Our Mission

At the Rare Living Foundation, our mission is to provide hope, resources, and advocacy for individuals and families affected by rare diseases, ensuring they feel seen, supported, and empowered while upholding the belief that every life has inherent value and deserves compassionate care. We are dedicated to illuminating the unique challenges faced by those living with rare diseases, raising awareness, advancing research, and fostering community partnerships that will empower patients and their families through education and support, and bridging the gap between medical providers and the resources needed for effective care.

 Together, we strive to build a world where every rare story is seen, heard, and valued. 

Our Vision

We envision a world where individuals with rare diseases are fully understood, valued, and supported, with equitable access to treatments, resources, and opportunities. By championing the inherent worth of every life, we aim to create a future where no one faces the challenges of a rare disease alone. This future includes:

  • Holistic Support: Accessible, patient-centered care and comprehensive resources that address the physical, emotional, and social needs of individuals and their families.

  • Breakthrough Innovation: A thriving ecosystem of research and collaboration that accelerates the discovery of treatments and cures for rare diseases.

  • Empowered Communities: Informed and engaged patients, caregivers, and advocates working together to shape policies and foster inclusivity.
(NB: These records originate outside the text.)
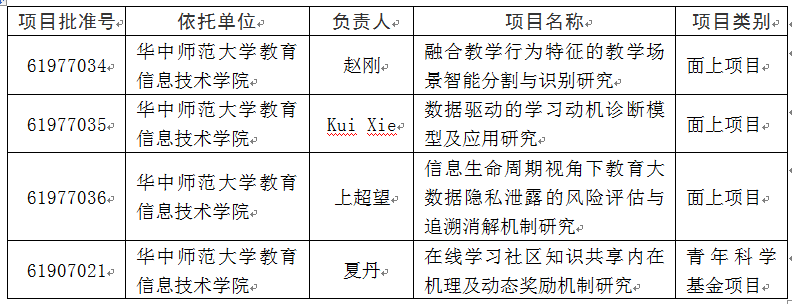 教育信息技术学院讯 8月16日,2019年度国家自然科学基金申请项目立项结果公布,我院4位教师喜获立项,其中面上项目3项、青年科学基金项目1项,获批资助直接费用共计168万元,开创了我院同年获得国家自科基金立项数和资助金额总量历史新高。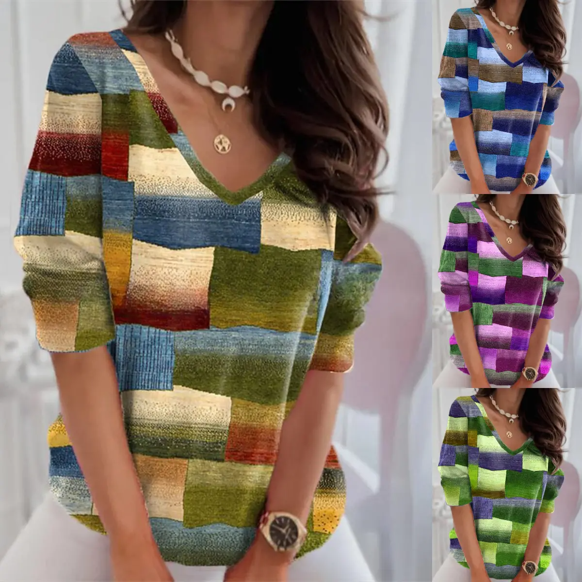 【S-3XL】V-neck top s kostkovaným potiskem 10628904 3565788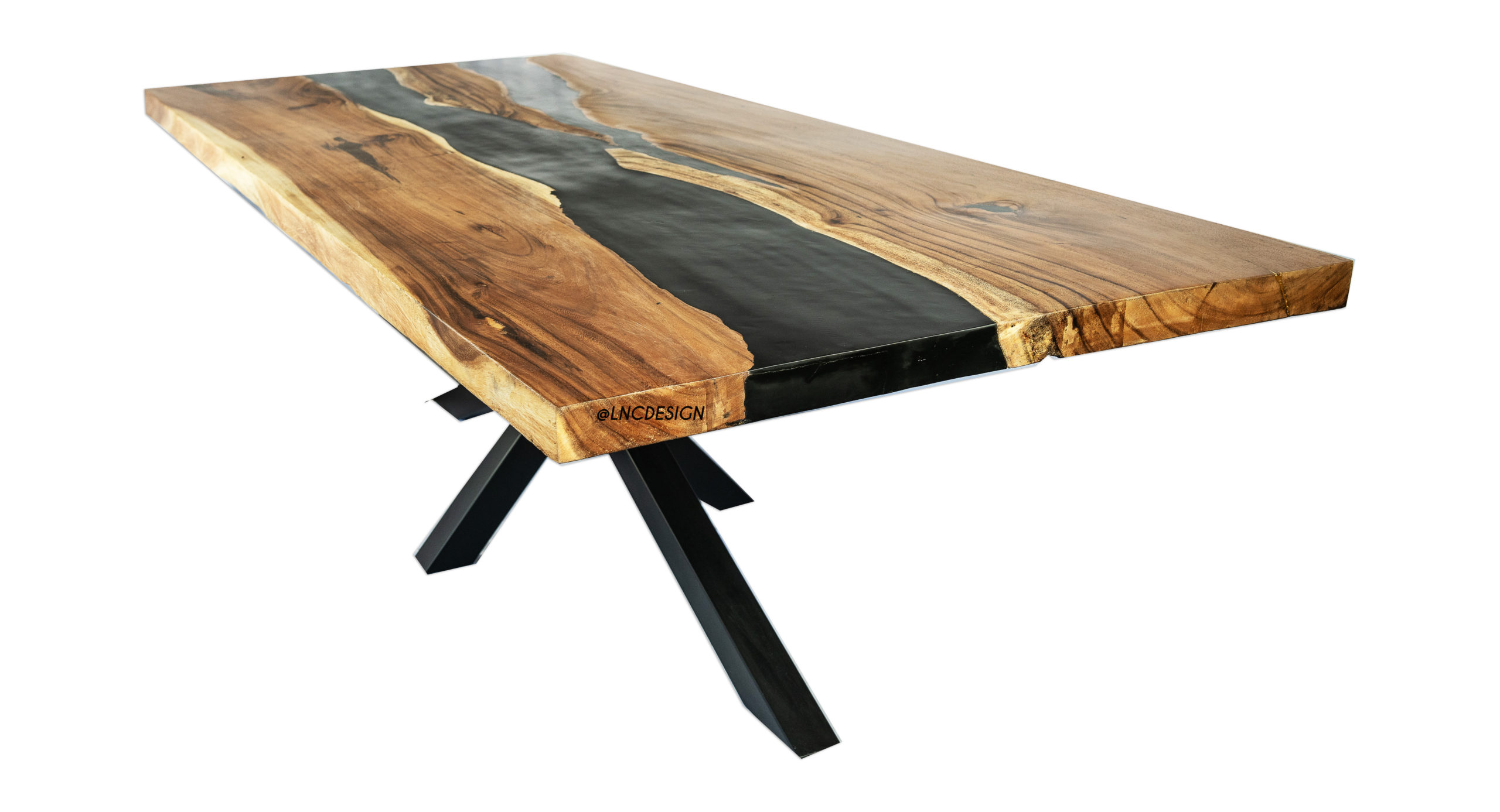 Les produits de la grande distribution ne vous contentent pas ? Vous voulez que votre Intérieur ne ressemble qu’à vous ? Vous recherchez des objets rares, esthétiques et de qualité ? La gamme Signature, que j’ai moi-même imaginée et dessinée est l’alliance de matériaux intemporels et chaleureux. Vous retrouverez des matières nobles telles que le bois, la résine, le verre ou encore le métal. Partie d’une volonté de casser les codes j’ai imaginé des produits uniques ne pouvant être reproduits à l’identique de par l’origine de leurs composants. En effet, nous utilisons du bois brut soigneusement sélectionné sur l’île de Java en Indonésie et le travaillons artisanalement dans nos ateliers à Bali. Nos installations nous permettent aussi de répondre à des demandes plus précises : vous avez la possibilité de nous soumettre des idées que vous avez personnellement imaginées et créés. Toutes les demandes, même les plus excentriques sont les bienvenues. Ainsi La Collection Signature, Sophistiquée et éclectique fera toute la différence dans votre intérieur ! Table à manger de forme rectangulaire en bois naturel et résine noir ici présente avec pied cross métal noir. Modulable vous pouvez adapter le plateau à différent piétements que nous avons.

  • Global Awareness: A society that recognizes and respects the unique challenges faced by those with rare diseases, ensuring their voices are heard and their contributions celebrated.
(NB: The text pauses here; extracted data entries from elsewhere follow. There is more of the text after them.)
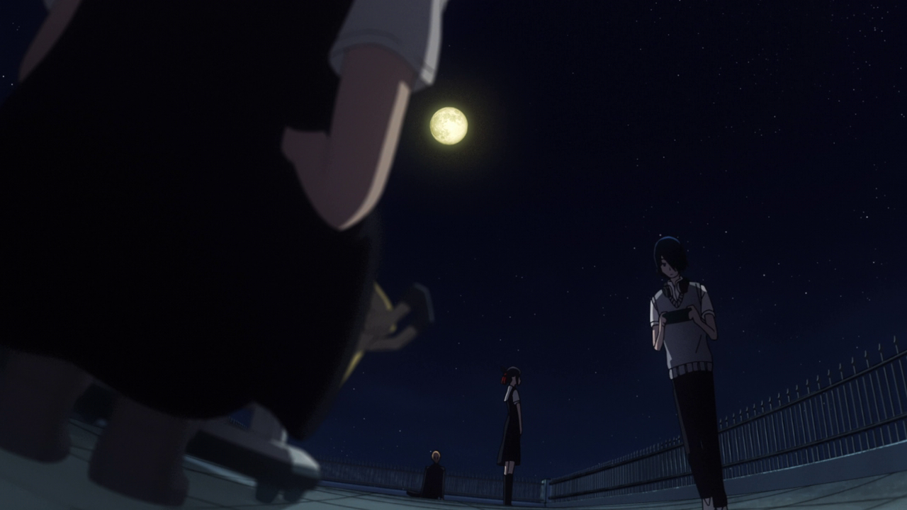 It’s also interesting to see the different perspectives of Kaguya and Shirogane had on the story. With Kaguya viewing the story as tragic and essentially hates the moon because of it, while Shirogane saw it as while tragic, there was still some sort of hope within it. It kind of says a lot on their upbringing and view on life in general. Kaguya was raised in such a rich but cold and loveless environment, that it makes sense she would develop a negative outlook on things. However, with Shirogane, he and his family are close (aside from his mother) and being poor most likely gave him an appreciation for the smaller things and a hope that if you work hard, things will get better. And it was honestly touching for him to say that if he were the man in the story, he would have waited for Kaguya and wouldn’t have let her go in the first place, going as far as to go to the moon and have stolen her back. Which sets up a bit of foreshadowing I would assume. Since in theory… if the two do get together, would Kaguya even be allowed to be with him due to their different social standings? It has been brought up before of whether it’s even a possibility or not after all. Though I guess we’ll have to wait and see what becomes of it.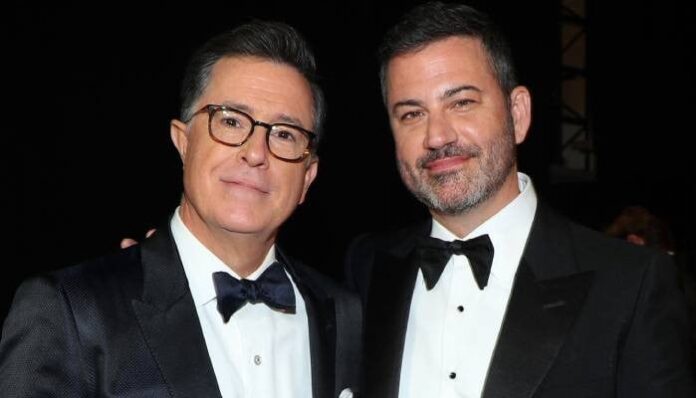 Kimmel quipped, “Thanks to the Trump administration, [Colbert] is now available for a limited time only,” during Colbert’s introduction.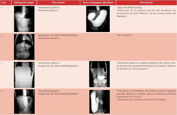 En el Cuadro 1 se resumen los cuatro casos clínicos analizados y en el Cuadro 2 los estudios de imagen realizados para el diagnóstico de neumatosis gástrica.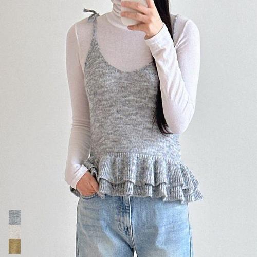 [큐즈]여성 뷔스티에 프릴 울 니트 끈조끼 라운드 나시 봄 가을 데일리룩 그레이 오트밀 카키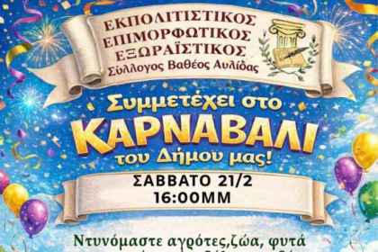 Ο Εκπολιτιστικός, Επιμορφωτικός και Εξωραϊστικός Σύλλογος Βαθέος Αυλίδας, με σταθερή δράση από…

Together, we strive to build a compassionate and inclusive world where every life is honored, and no rare disease is left without a solution.

Meet Our Team

  • Giusiana Prosser

    FOUNDER & PRESIDENT

    Giusiana is the Founder, President, and CEO of Rare Living. Diagnosed with multiple rare conditions, including Andersen-Tawil syndrome, she founded the Rare Living Foundation to provide the resources, community, and advocacy she wished had been available during her own journey. A passionate advocate and leader, Giusiana is committed to making the path to diagnosis and care less isolating and more accessible for others in the rare disease community.

  • Alexus Wiebe

    VICE PRESIDENT & COMMUNICATIONS AND RESEARCH DIRECTOR

    A proud born & raised Canadian, Alexus serves as our Vice-President and Research & Communications Director.
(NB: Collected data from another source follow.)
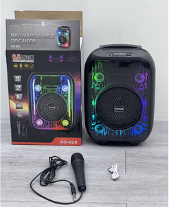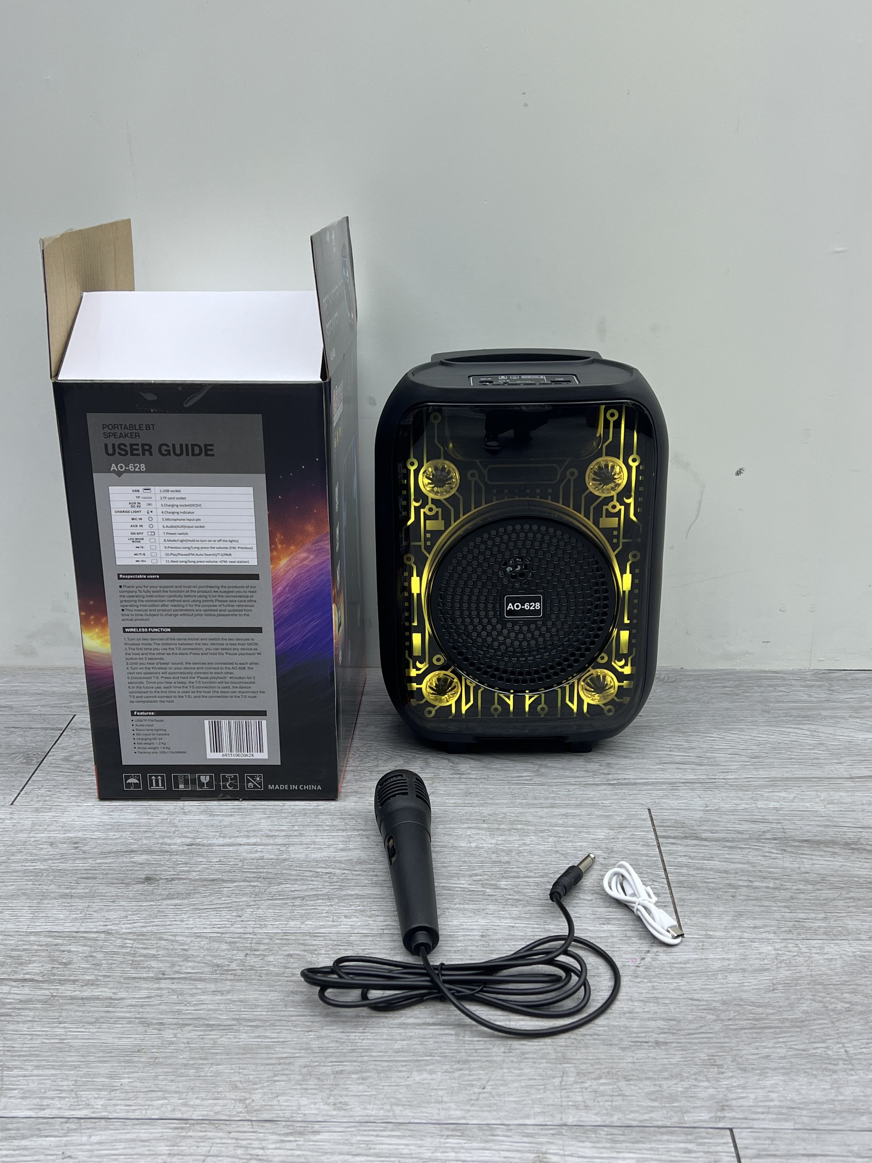 ລຳໂພງ AO-628 ລຳໂພງບລູທູດພົກພາ ມີໄຟ led ສາມາດປ່ຽນໄດ້ Mecha Light ພ້ອມໄມໂຄຣໂຟນ ມີຟັງຊັນຄົບຄັນ ໃຊ້ໄດ້ທັງຟັງເພງ ແລະ ຮ້ອງຄາລາໂອເກະ.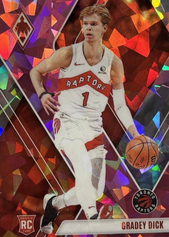 This card is 1 of 74 Gradey Dick's card variations in the 2023 Phoenix set being tracked by Sports Card Investor, including Base, Blue Ice, Color Burst, Dream Weaver, and Hieroglyphs.
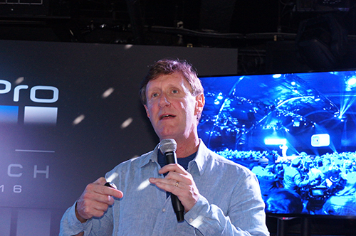 まず発表会に登壇したJeff Brownシニア・バイスプレジデントはGoProの歴史について「2002年にCEOのニコラス・ウッドマンがアメリカで創業し、今年で14年目を迎える。2014年までアメリカ中心の展開だったが、2015年以降は米国以外に販売拠点を設け、欧州、アジア、南米で販売を開始した。アクションカム市場は成長著しく、人材の投資も進め、アジアでの展開を広げていきたい」と日本を含めたアジア展開について言及した。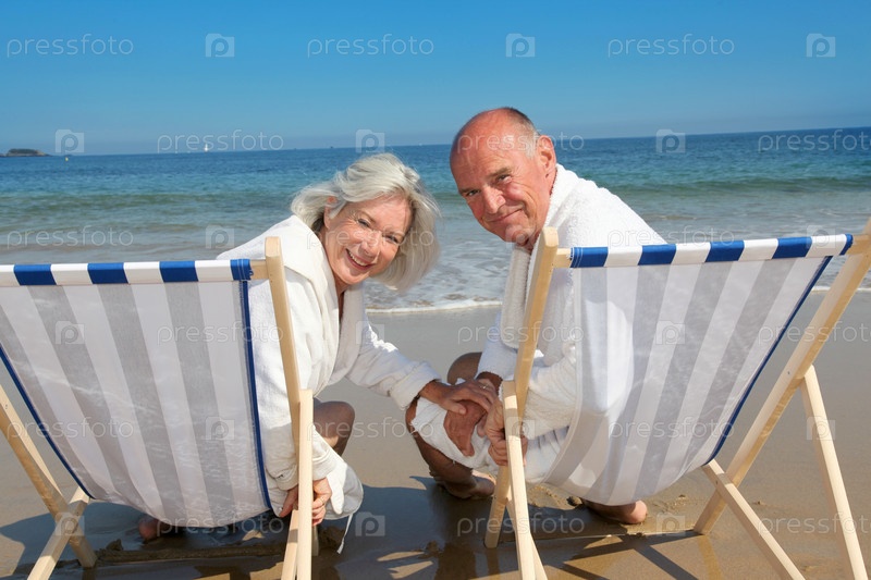 Супружеские пары сидя в шезлонги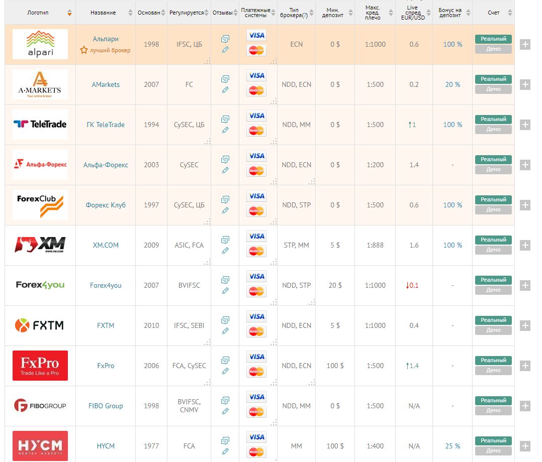 Обновлённый рейтинг Форекс-брокеров к 2018 году
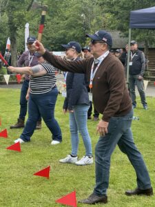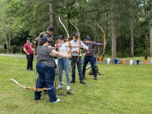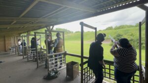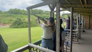 As well as a slap up lunch, they took part in clay pigeon shooting, archery and axe throwing at the E J Churchill Shooting ground in High Wycombe.

    Diagnosed with hypermobile Ehlers-Danlos syndrome, many comorbidities, and suspected Andersen-Tawil Syndrome, she desires to help make others’ journey to diagnosis less confusing, overwhelming, and lonely than hers.

  • Thomas Lefebvre

    SECRETARY & MARKETING DIRECTOR

    Born & raised in Canada, Thomas serves as Secretary and is our Marketing Director. Many of Thomas’s Friends live with rare diseases, and he seeks to use his skills and expertise in his work with the Rare Living Foundation to help others with the same.

  • Dustin Wood

    BOARD MEMBER

    Dustin was born and raised in South Charleston, West Virginia. He has Classical Ehlers-Danlos Syndrome (cEDS), which he shares in common with both parents and Grandmother.

    He has aspirations to establish protocols within the medical system so if you have one comorbidity, you are immediately screened for the rest.

    Missed diagnoses will be a thing of the past. Dustin is excited to work with the Rare Living Foundation, show how rare patients live, and provide resources for those who need it.